Mon Nov 13 03:39:21 2023 daemon.info Keepalived_vrrp[2778]: Printing VRRP as json for process(2778) on signal
Mon Nov 13 03:39:21 2023 daemon.info Keepalived_vrrp[2778]: Printing VRRP as json for process(2778) on signal
A part from the log flooded with "Printing VRRP as json..."; it shows:
- becoming MASTER for both the virtual IPs (named "primary" and "secondary").
- the ethernet link going down/up 3 times. That's the cable connecting r1 to r3; as r1 is rebooting, r3 looses the ethernet link. That link is in r3's br-lan bridge; ie: the network interface being "lan" on r3, the one dnsmasq is serving dhcp on.
- r3 goes back to BACKUP state for both the virtual IPs as soon as it receives a new probe from r1 and r2.
- my ssh terminal resets the connection to dropbear (as my terminal is wired to r1 as well, so it looses link as well when I reboot r1).
So, yes, looks like the wireless interfaces on wan are innocent. It's the lan ethernet link resetting on reboot; and r1 booting makes r3's ethernet link go down/up 3 times, the same number of dnsmasq restarts. Then procd detects a faulty condition and doesn't start dnsmasq anymore.

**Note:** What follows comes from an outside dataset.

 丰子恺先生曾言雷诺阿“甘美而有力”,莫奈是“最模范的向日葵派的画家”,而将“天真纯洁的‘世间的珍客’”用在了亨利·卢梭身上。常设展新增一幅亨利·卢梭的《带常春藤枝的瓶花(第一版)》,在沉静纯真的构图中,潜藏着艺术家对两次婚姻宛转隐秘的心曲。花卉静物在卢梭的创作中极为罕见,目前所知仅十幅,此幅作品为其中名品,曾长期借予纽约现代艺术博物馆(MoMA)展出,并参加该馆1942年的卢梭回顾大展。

At this point I should place a switch between the routers, as it should be. But I don't have one handy; I had to remove the one I had a few days ago... a storm cooked it and now there's AC on the ethernet cables connected to it... it's a good tesla coil rather than a switch...
My peculiar situation aside, where a switch is missing between the 2 routers; my humble advice to openwrt's devs is to raise the respawn limits for procd to 5, as @hnyman stated above. Make it default for openwrt.

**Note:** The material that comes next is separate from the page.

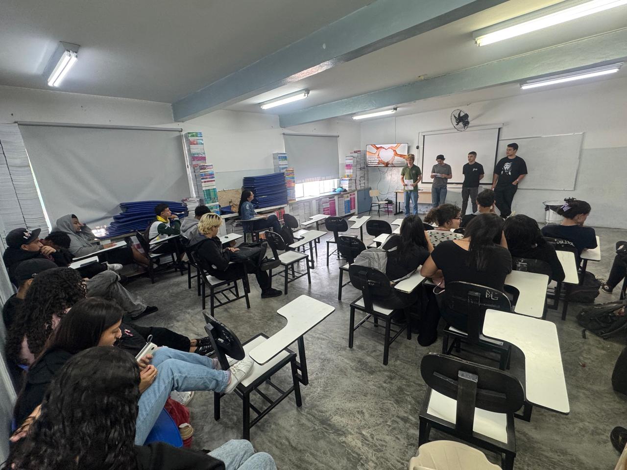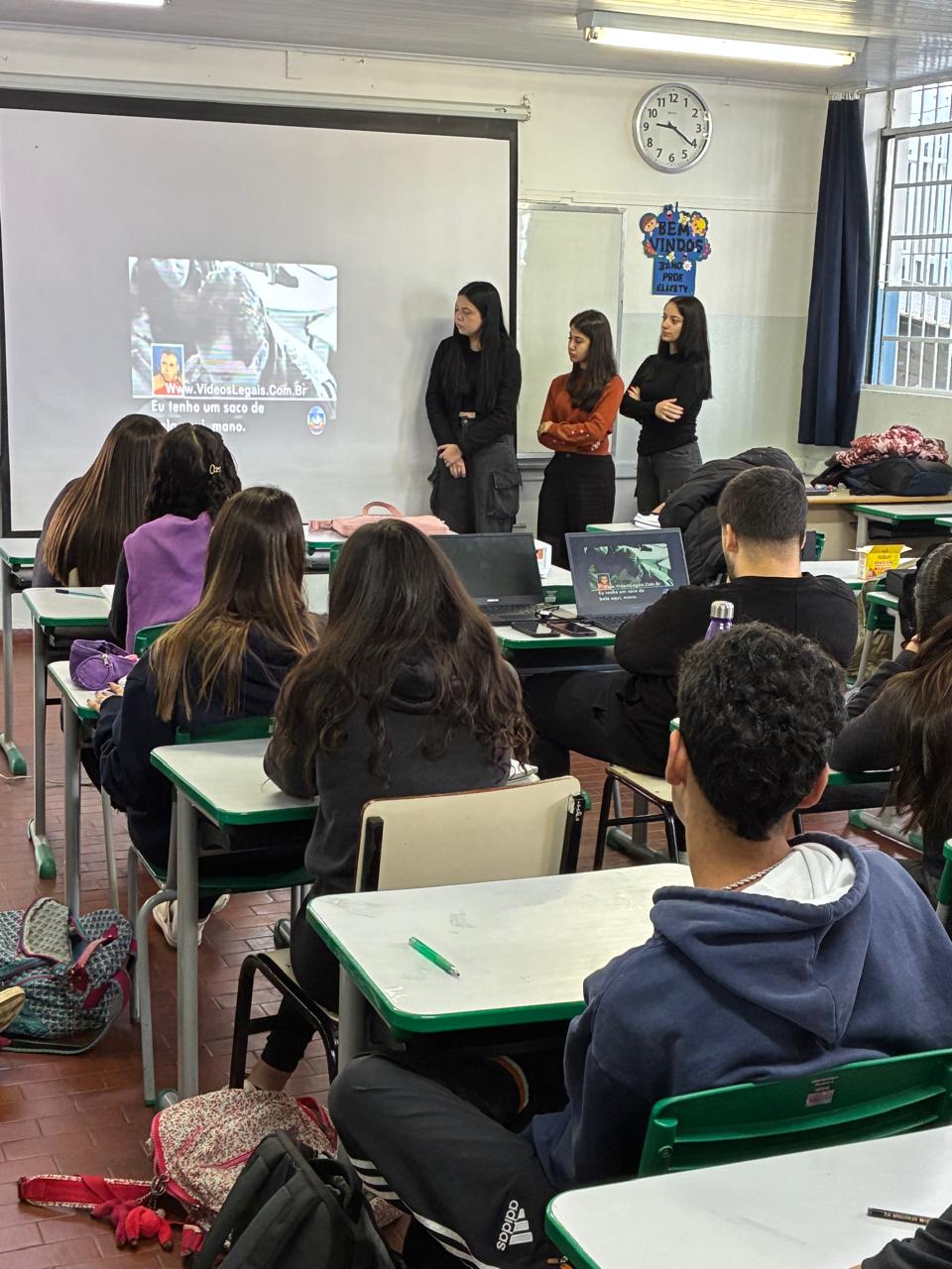 Durante as atividades, nossos estudantes dialogaram com alunos sobre questões como igualdade, combate à discriminação, cidadania e dignidade da pessoa humana, fortalecendo a consciência social e incentivando práticas que respeitem os direitos fundamentais.

I didn't check why the ethernet link goes down/up three times but I imagine being kind of normal for a device rebooting and having the ethernet interface in a bridge. So, it's a pretty common setup for consumer grade equipment (ie: many users don't have an l2 switch and an l3 router; they just have 1 device to make it all). Good to have a respawn limit but 3 sounds a bit too strict.
I'll report once more once the issue is solved. Just to confirm the things stated in this message are correct.